TASK GOAL: When you find the line with "晚秋3D(胆码)谜:上回奖尾" among the records below, reproduce it and each line after it exactly, ending with the line with "Поэтому, минимальное сопротивление".

INFORMATION PROVIDED:
_____
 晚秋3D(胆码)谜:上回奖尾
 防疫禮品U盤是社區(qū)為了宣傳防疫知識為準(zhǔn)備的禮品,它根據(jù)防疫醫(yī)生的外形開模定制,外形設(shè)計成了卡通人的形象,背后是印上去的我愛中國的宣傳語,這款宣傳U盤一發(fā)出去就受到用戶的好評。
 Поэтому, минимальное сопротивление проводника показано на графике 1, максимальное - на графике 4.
_____
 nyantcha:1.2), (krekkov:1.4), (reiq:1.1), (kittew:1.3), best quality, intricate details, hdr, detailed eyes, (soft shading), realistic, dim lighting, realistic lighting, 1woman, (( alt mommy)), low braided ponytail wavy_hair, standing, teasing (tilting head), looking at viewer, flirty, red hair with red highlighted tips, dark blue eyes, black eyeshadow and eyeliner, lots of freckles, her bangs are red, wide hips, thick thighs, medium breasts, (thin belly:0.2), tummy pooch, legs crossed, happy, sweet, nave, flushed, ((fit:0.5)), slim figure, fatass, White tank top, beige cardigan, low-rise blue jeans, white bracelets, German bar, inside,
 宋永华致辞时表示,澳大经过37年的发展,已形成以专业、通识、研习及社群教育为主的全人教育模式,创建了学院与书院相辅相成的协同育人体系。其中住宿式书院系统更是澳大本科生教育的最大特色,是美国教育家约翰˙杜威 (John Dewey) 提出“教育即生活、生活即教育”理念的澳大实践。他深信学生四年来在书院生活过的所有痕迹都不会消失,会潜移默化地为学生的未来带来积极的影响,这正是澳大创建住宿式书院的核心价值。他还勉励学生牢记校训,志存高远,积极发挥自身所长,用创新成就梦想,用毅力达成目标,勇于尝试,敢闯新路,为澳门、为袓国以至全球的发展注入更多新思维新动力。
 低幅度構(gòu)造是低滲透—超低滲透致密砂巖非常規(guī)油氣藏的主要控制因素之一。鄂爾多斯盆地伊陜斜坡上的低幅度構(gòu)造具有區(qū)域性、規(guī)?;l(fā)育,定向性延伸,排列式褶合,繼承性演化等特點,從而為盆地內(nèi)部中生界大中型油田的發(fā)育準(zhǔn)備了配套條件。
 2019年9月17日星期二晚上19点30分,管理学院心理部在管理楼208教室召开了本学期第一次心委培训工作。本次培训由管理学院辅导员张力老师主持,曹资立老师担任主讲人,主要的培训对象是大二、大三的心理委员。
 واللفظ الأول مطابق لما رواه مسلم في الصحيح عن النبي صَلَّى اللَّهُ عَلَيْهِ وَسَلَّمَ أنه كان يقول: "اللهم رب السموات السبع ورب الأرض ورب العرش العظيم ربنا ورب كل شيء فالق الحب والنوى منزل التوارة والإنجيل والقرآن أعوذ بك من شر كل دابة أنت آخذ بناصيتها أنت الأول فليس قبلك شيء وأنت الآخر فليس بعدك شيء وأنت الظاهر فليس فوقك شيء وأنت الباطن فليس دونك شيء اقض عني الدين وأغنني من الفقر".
_____
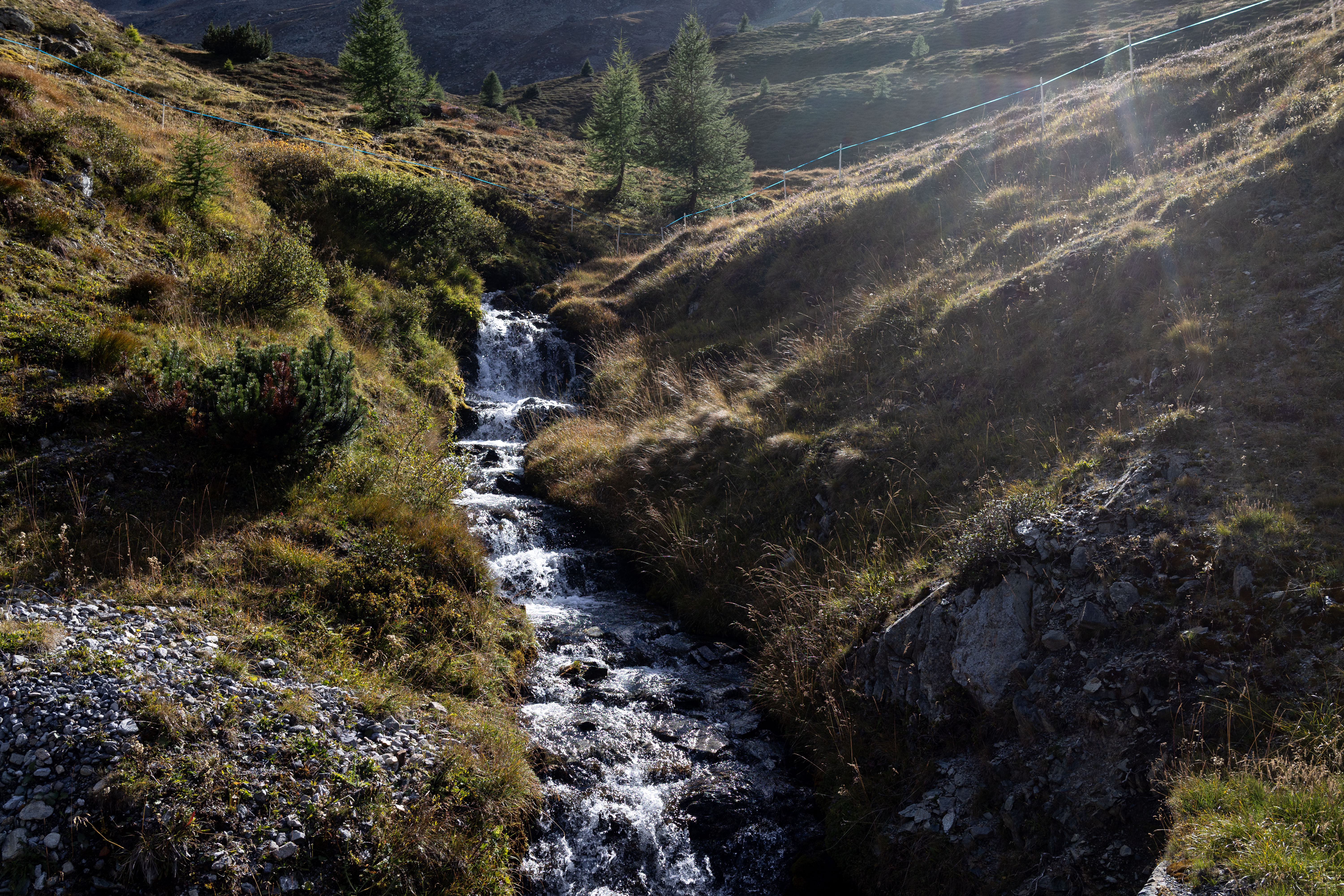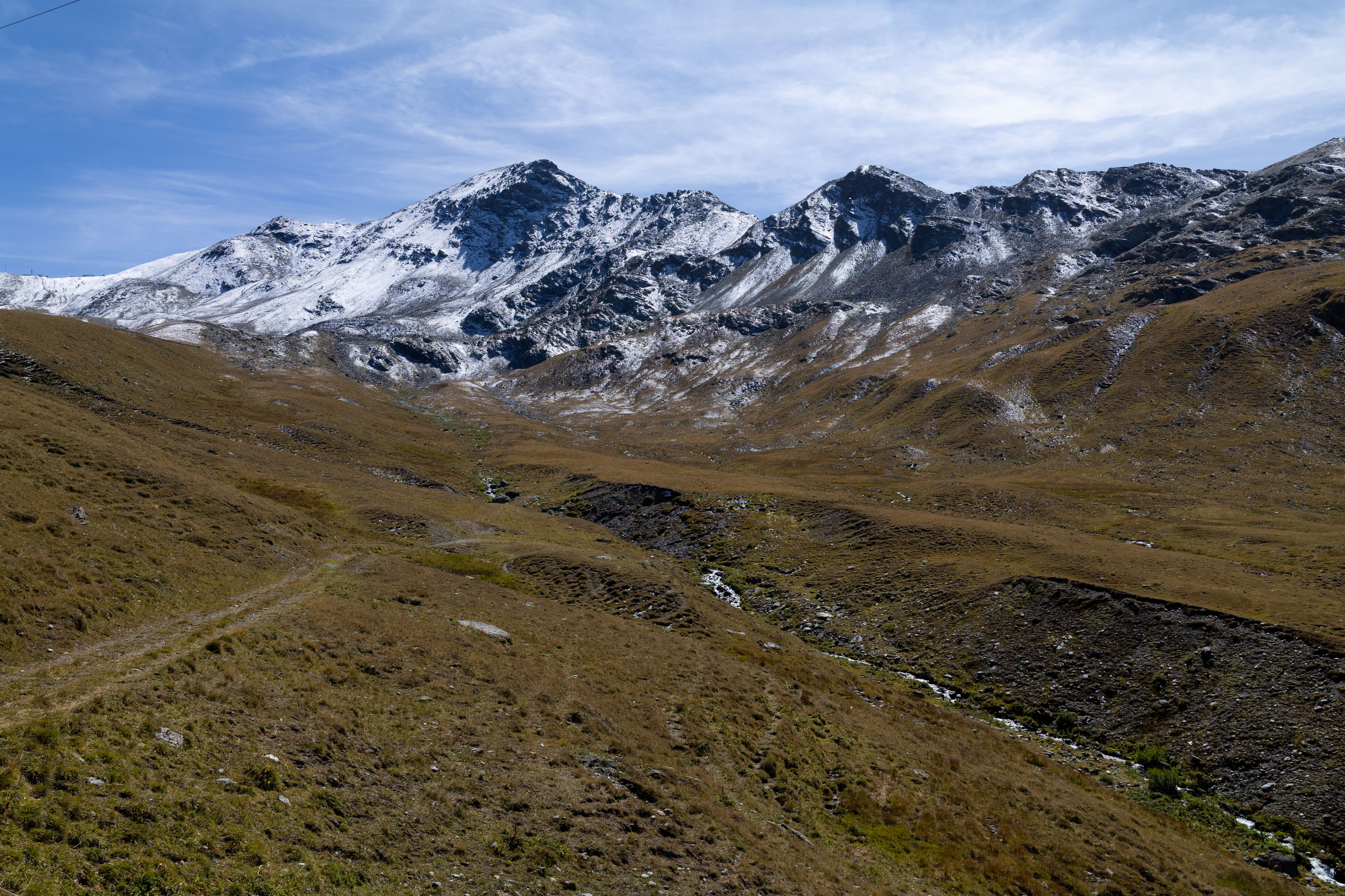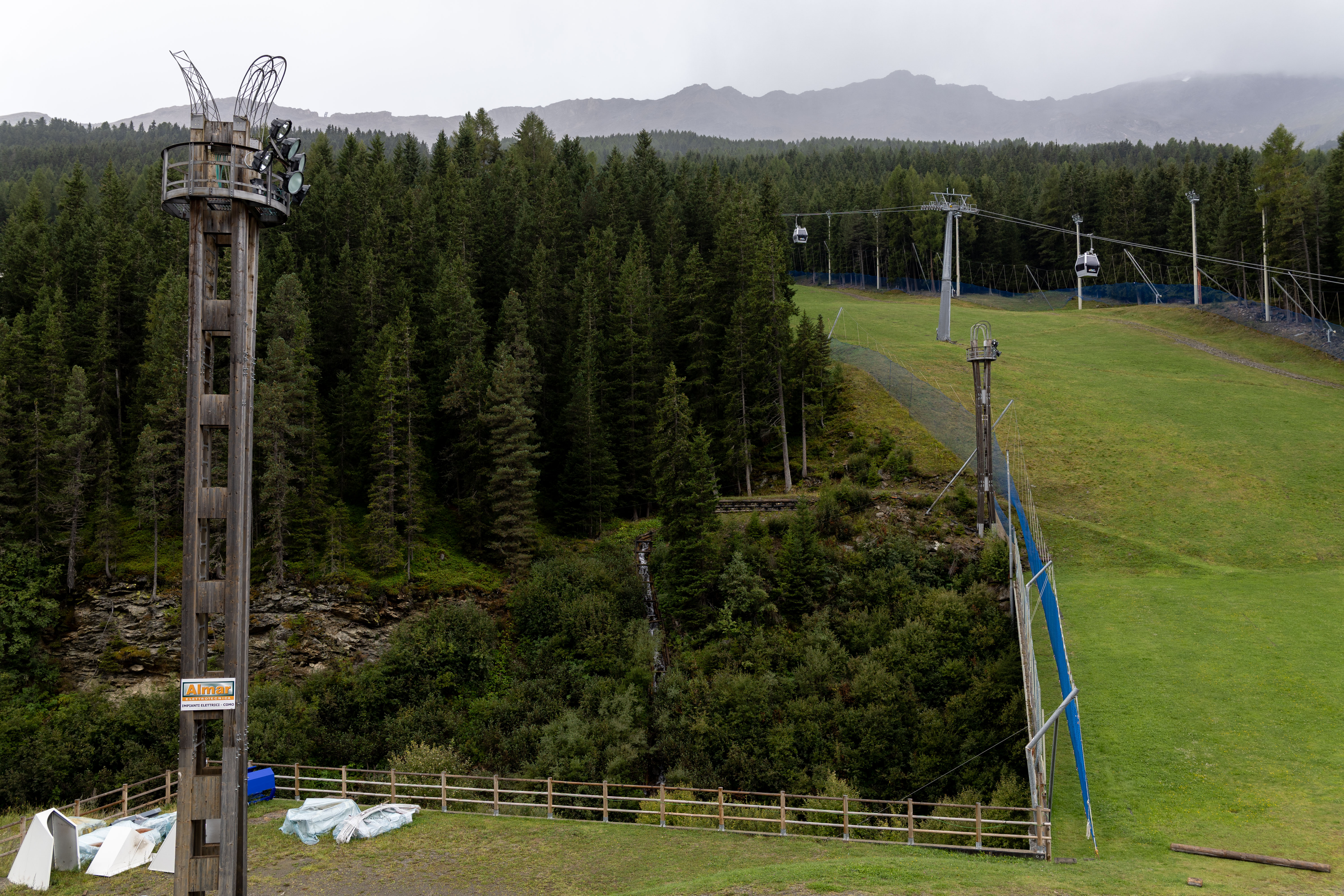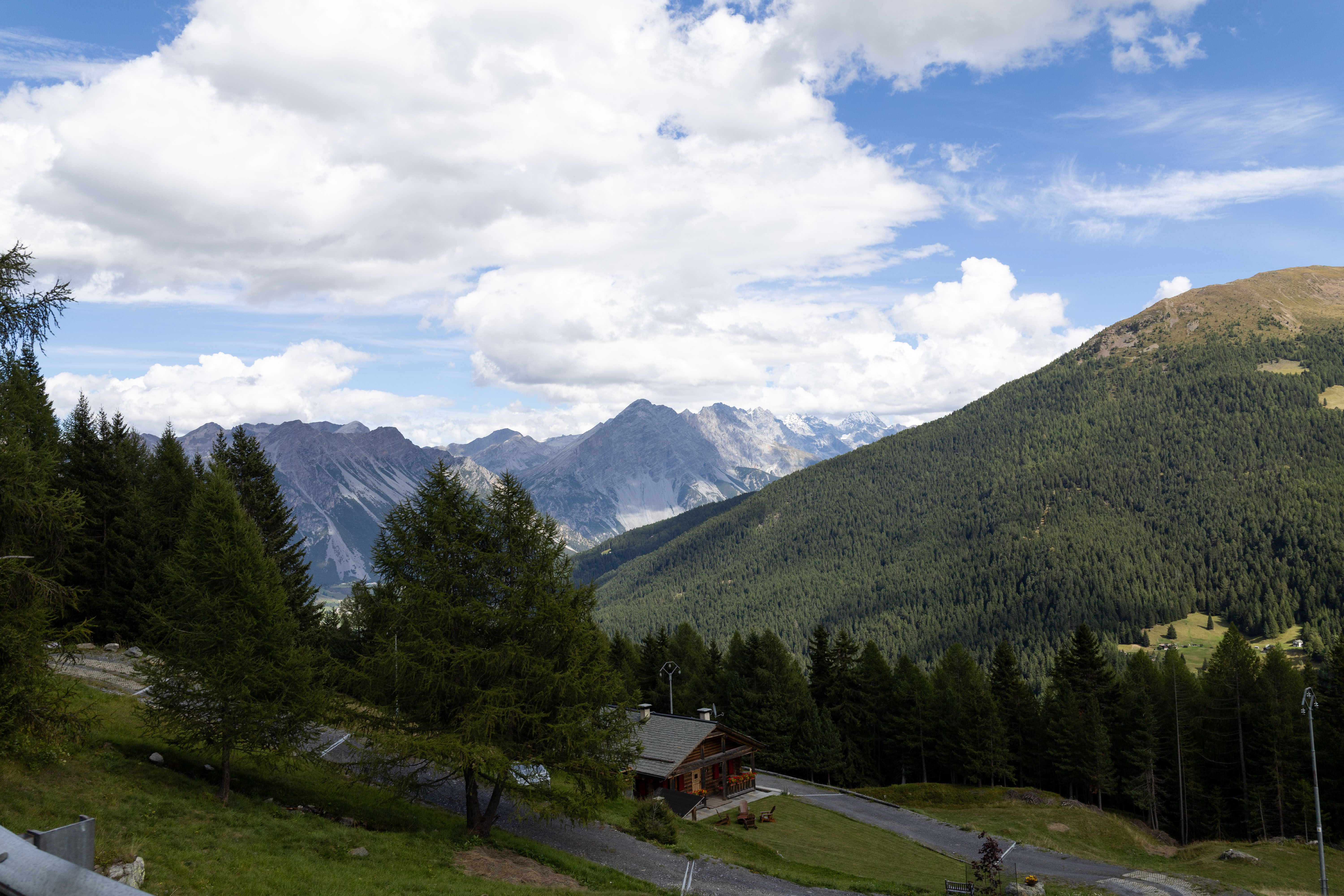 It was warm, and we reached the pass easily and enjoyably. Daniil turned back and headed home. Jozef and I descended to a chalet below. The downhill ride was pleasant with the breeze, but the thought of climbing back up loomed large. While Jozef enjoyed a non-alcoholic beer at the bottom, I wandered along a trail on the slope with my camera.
_____
ANSWER AREA:
 晚秋3D(胆码)谜:上回奖尾
 防疫禮品U盤是社區(qū)為了宣傳防疫知識為準(zhǔn)備的禮品,它根據(jù)防疫醫(yī)生的外形開模定制,外形設(shè)計成了卡通人的形象,背后是印上去的我愛中國的宣傳語,這款宣傳U盤一發(fā)出去就受到用戶的好評。
 Поэтому, минимальное сопротивление проводника показано на графике 1, максимальное - на графике 4.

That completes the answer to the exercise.